Input below:

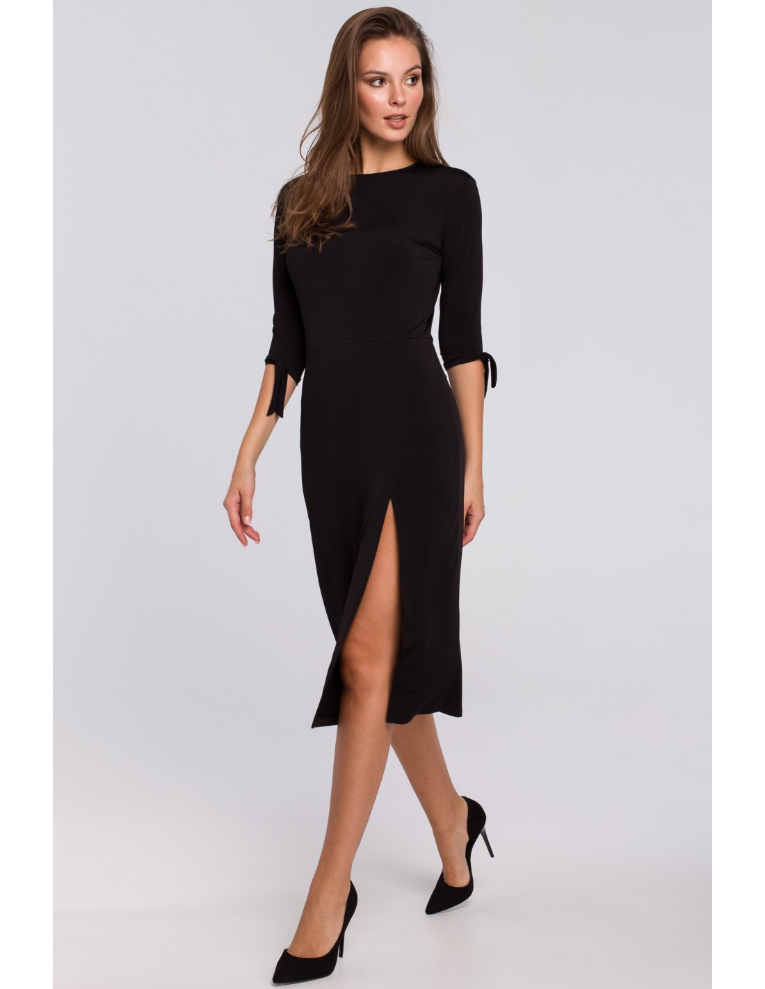 Wyjątkowa propozycja dla kobiet, które uwielbiają podkreślać swoje atuty! Dopasowana sukienka zrobi to doskonale! Wykonana z miękko układającej się na ciele dzianiny z domieszką elastanu, dzięki czemu zyskuje na elastyczności, a Tobie nie ogranicza ruchów. Wzbogacona o efektowne rozcięcie na przodzie eksponujące nogę oraz paski przy rękawach, które możesz wiązać według swoich upodobań. Talia wyraźnie zaznaczona. Czarna sukienka z wiązanymi rękawami potrzebuje wysokich obcasów - wydłużysz i wysmuklisz swoją sylwetkę maksymalnie! Dopasowana sukienka z rozporkiem wyprodukowana w Polsce.
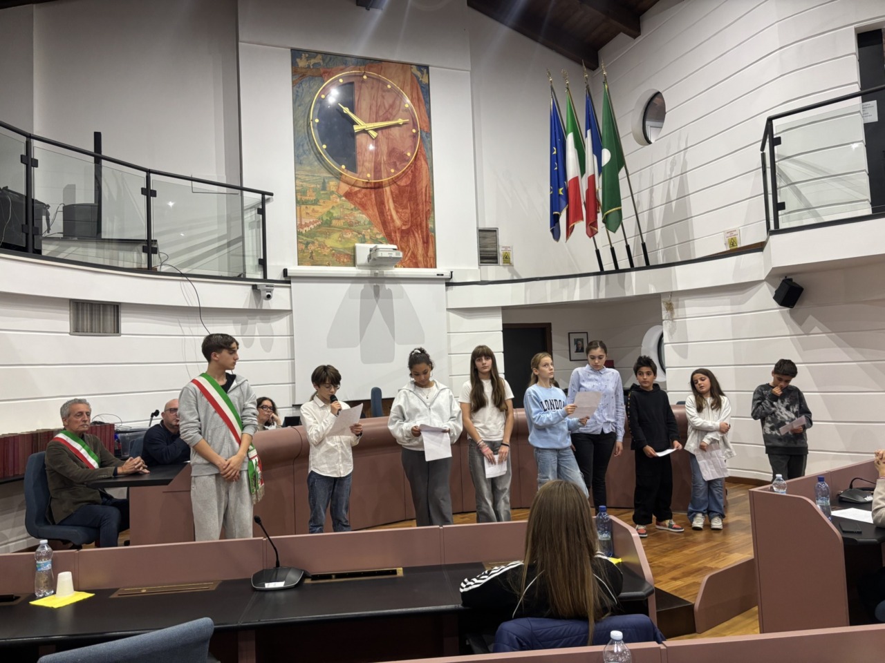 Nell’occasione alcuni neo consiglieri hanno eseguito in Aula una rappresentazione preparata a scuola recitando letture che hanno dato vita ai valori contenuti nella Costituzione Italiana.
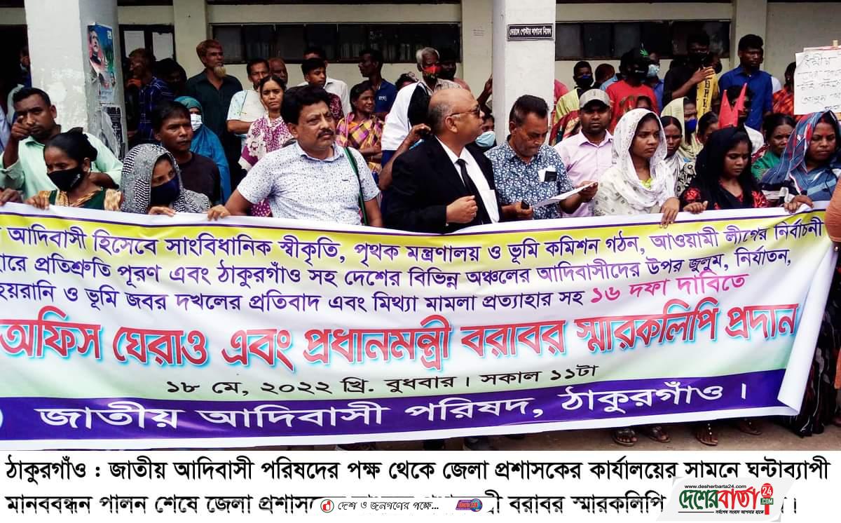 ঠাকুরগাঁওয়ে আদিবাসী হিসেবে সাংবিধানিক স্বীকৃতি, পৃথক মন্ত্রণালয় ও ভূমি কমিশন গঠনসহ ১৬ দফা দাবিতে মানববন্ধন ও প্রধানমন্ত্রী বরাবর স্মারকলিপি পেশ করা হয়। আজ বুধবার জেলা প্রশাসকের কার্যালয়ের সামনে ঘন্টাব্যাপী মানববন্ধন শেষে জেলা প্রশাসকের মাধ্যমে প্রধানমন্ত্রী বরাবর স্মারকলিপি প্রদান করা হয়।
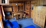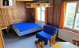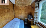 Dispozice chaty 3+1, skládá se z prostorné verandy, velkého pokoje sloužícího jako obývycí pokoj s velkou postelí a dřevěným obložením, menšího pokoje, chodby a kuchyně. Samostatné WC a koupelna.
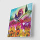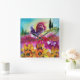 Colourful and vibrant Tuscany landscape with purple,green,brown,white colours,Summer flora,fields,meadows,flowers,cypress trees,antique rustic village under the blue sky.Acrylic painting on canvas .
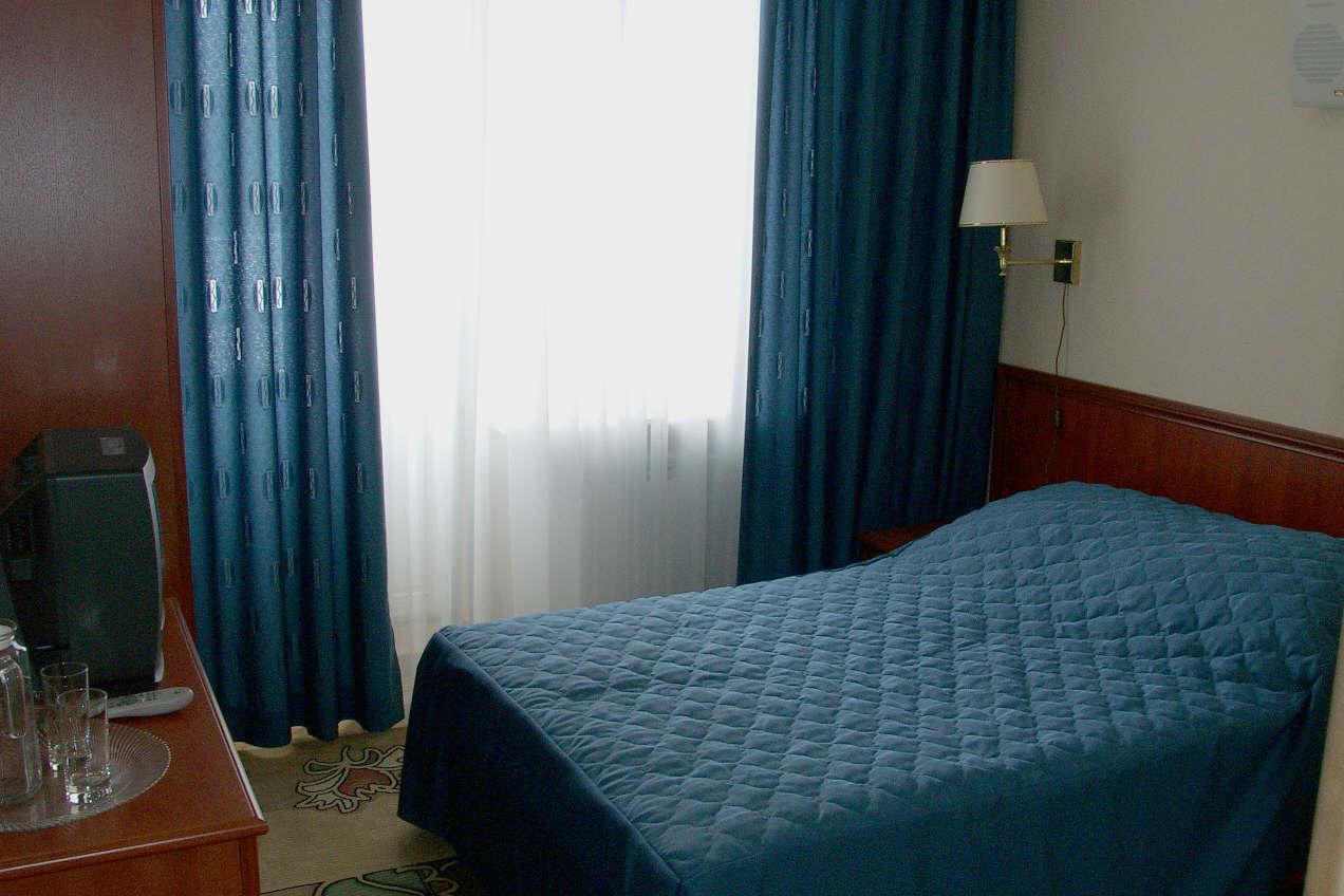 Однокомнатный номер со всеми удобствами с балконом (холодильник, телевизор, душ, совмещенный с санузлом, 2 кровати раздельных, 2 тумбочки, шкаф для одежды и обуви, 2 пуфа, посуда: графин, 2 стакана; половое покрытие - паркет). Дополнительное место - мягкая раскладушка - возможно только при письменном согласии гостя (номер тесный, рассчитан на 2 человека).
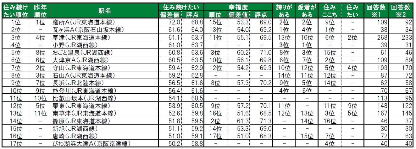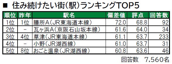 1位は3年連続で、唯一偏差値70台の高い評価を得ている膳所Aで、大津市に位置する駅です。同駅は、「街に誇りがある」「街に愛着がある」の両ランキングでは2位となっています。2位は、大津市に位置する瓦ヶ浜Aで、昨年は累計回答数が30名未満でランキング集計対象外だった駅です。3位は、「住み続けたい街(自治体)」でも3位の草津市に位置する草津で、「住みたい街」では2位となっています。

End of Input.

Problem to work on
Between and including the line above that contains "Colourful and vibrant" and the line that contains "Однокомнатный номер со", restate every line word for word. Pictures stay out.

Answer to the problem
 Colourful and vibrant Tuscany landscape with purple,green,brown,white colours,Summer flora,fields,meadows,flowers,cypress trees,antique rustic village under the blue sky.Acrylic painting on canvas .
 Однокомнатный номер со всеми удобствами с балконом (холодильник, телевизор, душ, совмещенный с санузлом, 2 кровати раздельных, 2 тумбочки, шкаф для одежды и обуви, 2 пуфа, посуда: графин, 2 стакана; половое покрытие - паркет). Дополнительное место - мягкая раскладушка - возможно только при письменном согласии гостя (номер тесный, рассчитан на 2 человека).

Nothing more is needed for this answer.